The last Ensemble method we will discuss in this chapter is called **Stacking** (short for *Stacked Generalization*). It is based on a simple idea: instead of using trivial functions (such as hard voting) to aggregate the predictions of all predictors in an ensemble, why don’t we train a model to perform this aggregation? Figure 7-12 shows such an ensemble performing a regression task on a new instance. Each of the bottom three predictors predicts a different value (3.1, 2.7, and 2.9), and then the final predictor (called a **blender**, or a **meta-learner**) takes these inputs and makes the final prediction (3.0).

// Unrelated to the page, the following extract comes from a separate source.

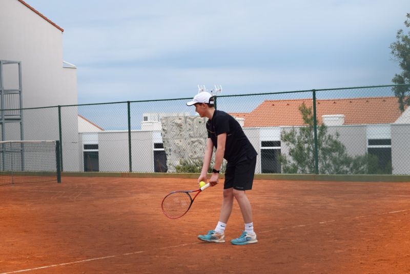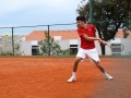 Auf dem Tennis-Court wurde Tom zusammen mit seinem Trainingspartner Melos von Coach Darko erwartet. Zuerst wurde heute Aufschlag geübt und dabei besonders am Ballwurf gefeilt. Danach gab es wieder Rhythmusübungen von der Grundlinie. "Don`t jump" - immer und immer wieder machte Darko Tom darauf aufmerksam, dass er beim Schlag nicht springen, sondern auf dem Boden stehen bleiben soll. So behält er besser die Balance und die Kontrolle. Zusammen mit der Aufforderung "Move!" werden die ersten Erfolge tatsächlich sichtbar. Die einfachen, aber gezielten Anweisungen tragen Früchte, auch wenn die Beine und auch der Kopf spürbar müder wurden. Dennoch gaben wieder alle Kids auf allen Pätzen Vollgas.

To train the blender, a common approach is to use a hold-out set. First, the training set is split into two subsets. The first subset is used to train the predictors in the first layer. Next, the first layer’s predictors are used to make predictions on the second (held-out) set. This ensures that the predictions are "clean," since the predictors never saw these instances during training. Now for each instance in the held-out set, there are three predicted values. We can create a new training set using these predicted values as input features (which makes this new training set three-dimensional), and keeping the target values. The blender is trained on this new training set, so it learns to predict the target value given the first layer’s predictions.

Unfortunately, Scikit-Learn does not support stacking directly, but it is not too hard to roll out your own implementation.